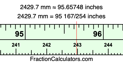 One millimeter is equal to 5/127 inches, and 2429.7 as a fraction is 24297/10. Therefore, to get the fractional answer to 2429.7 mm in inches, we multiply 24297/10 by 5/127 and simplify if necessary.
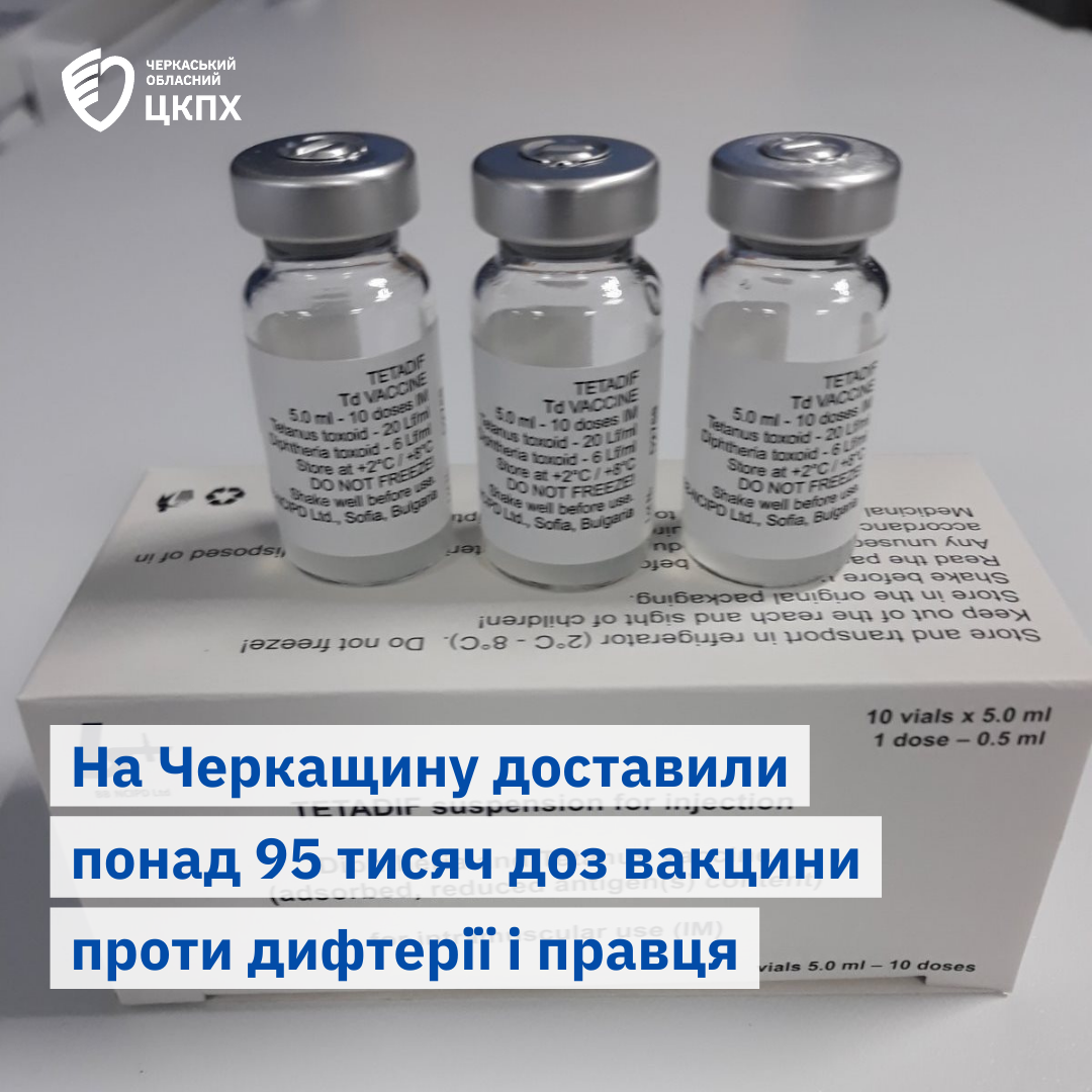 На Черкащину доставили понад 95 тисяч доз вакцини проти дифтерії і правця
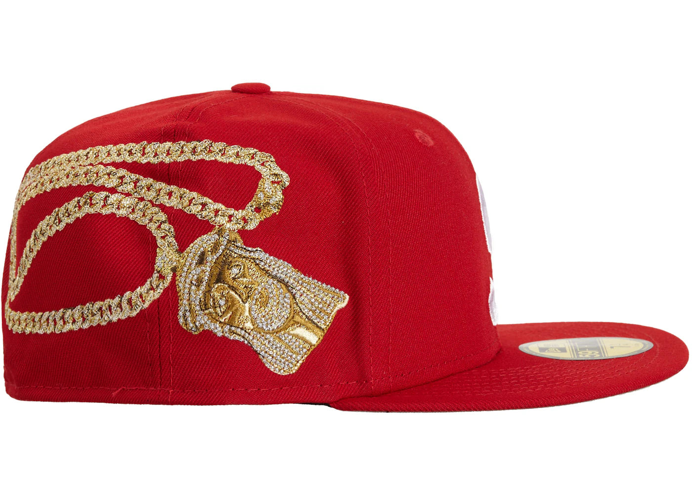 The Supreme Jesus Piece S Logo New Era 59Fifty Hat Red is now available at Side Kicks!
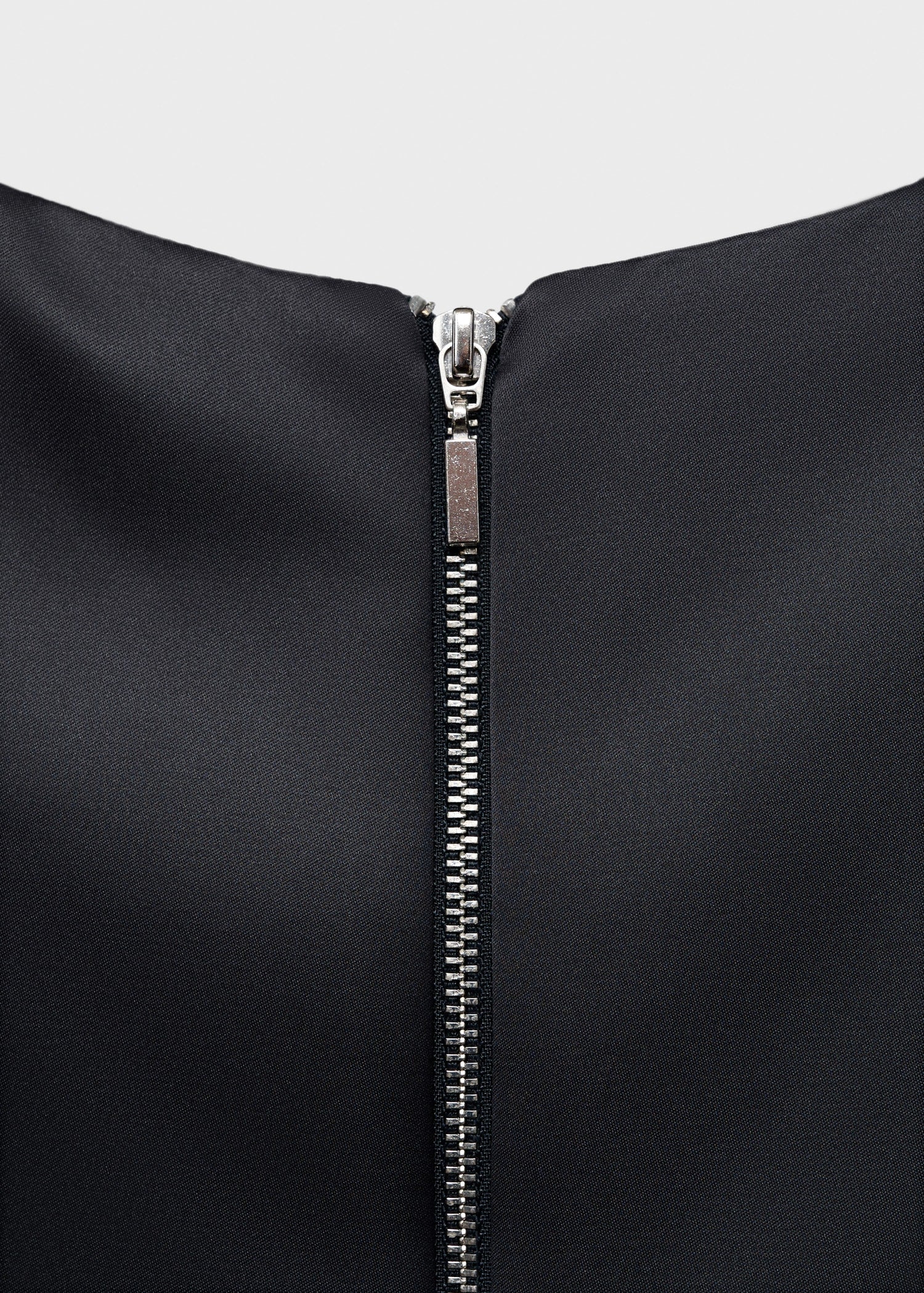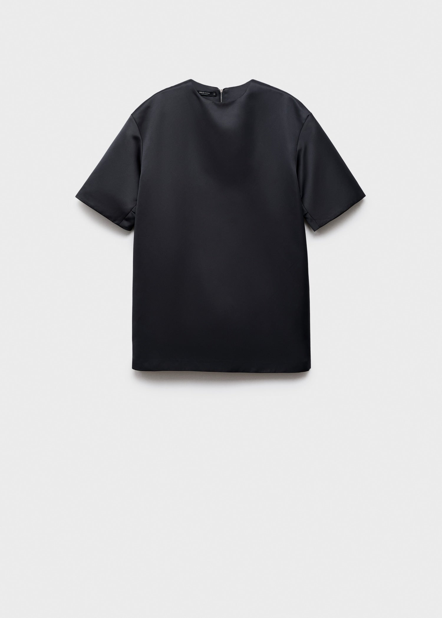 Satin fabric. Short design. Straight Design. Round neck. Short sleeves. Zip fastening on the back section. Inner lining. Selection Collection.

* * *

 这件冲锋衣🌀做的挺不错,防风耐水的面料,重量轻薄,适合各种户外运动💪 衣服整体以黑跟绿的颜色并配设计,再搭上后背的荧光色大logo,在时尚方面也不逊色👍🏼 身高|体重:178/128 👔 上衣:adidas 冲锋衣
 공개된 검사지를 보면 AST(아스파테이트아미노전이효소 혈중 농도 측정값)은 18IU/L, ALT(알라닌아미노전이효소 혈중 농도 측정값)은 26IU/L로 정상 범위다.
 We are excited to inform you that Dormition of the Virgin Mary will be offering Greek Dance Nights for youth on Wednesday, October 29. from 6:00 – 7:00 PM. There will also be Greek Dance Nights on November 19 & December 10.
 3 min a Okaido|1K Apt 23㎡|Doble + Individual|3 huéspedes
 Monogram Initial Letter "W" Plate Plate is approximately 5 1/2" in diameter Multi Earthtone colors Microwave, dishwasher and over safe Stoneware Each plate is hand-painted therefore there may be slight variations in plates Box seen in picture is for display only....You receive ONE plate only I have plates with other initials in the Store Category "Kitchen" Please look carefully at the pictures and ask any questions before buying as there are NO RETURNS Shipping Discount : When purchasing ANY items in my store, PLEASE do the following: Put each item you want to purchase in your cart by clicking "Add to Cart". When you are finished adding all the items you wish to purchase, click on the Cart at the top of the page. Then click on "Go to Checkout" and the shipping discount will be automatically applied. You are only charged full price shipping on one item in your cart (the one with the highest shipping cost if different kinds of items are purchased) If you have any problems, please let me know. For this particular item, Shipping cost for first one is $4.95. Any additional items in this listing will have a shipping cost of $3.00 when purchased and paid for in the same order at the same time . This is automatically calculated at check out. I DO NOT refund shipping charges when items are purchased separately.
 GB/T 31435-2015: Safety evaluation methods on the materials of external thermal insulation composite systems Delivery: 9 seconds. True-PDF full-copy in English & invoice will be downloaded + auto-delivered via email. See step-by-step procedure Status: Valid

---

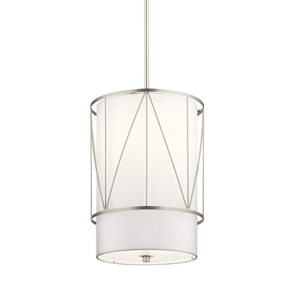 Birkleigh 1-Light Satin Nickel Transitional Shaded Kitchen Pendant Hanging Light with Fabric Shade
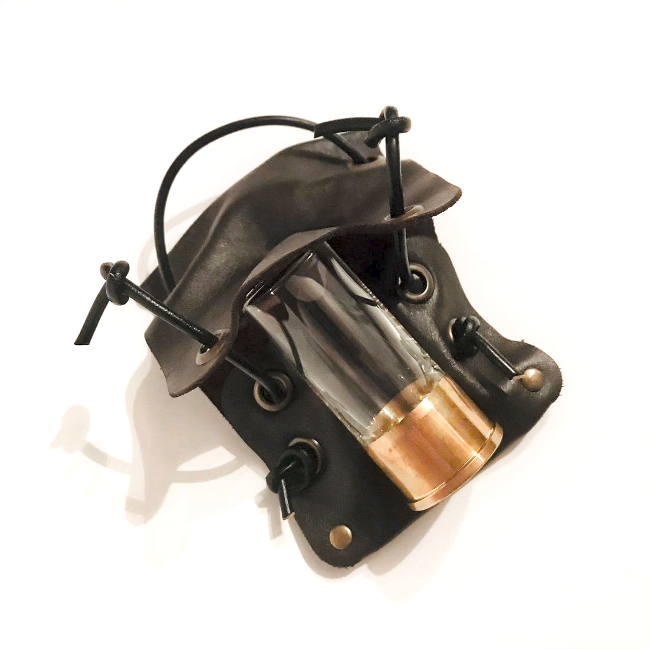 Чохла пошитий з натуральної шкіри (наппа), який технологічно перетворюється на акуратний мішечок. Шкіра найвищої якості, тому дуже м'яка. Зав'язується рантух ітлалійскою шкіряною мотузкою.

• What the task requires: Once the line with "One millimeter is" is found in the data above, reproduce it and each line after it exactly, through the line with "Satin fabric. Short". Omit the pictures.

• Output:
 One millimeter is equal to 5/127 inches, and 2429.7 as a fraction is 24297/10. Therefore, to get the fractional answer to 2429.7 mm in inches, we multiply 24297/10 by 5/127 and simplify if necessary.
 На Черкащину доставили понад 95 тисяч доз вакцини проти дифтерії і правця
 The Supreme Jesus Piece S Logo New Era 59Fifty Hat Red is now available at Side Kicks!
 Satin fabric. Short design. Straight Design. Round neck. Short sleeves. Zip fastening on the back section. Inner lining. Selection Collection.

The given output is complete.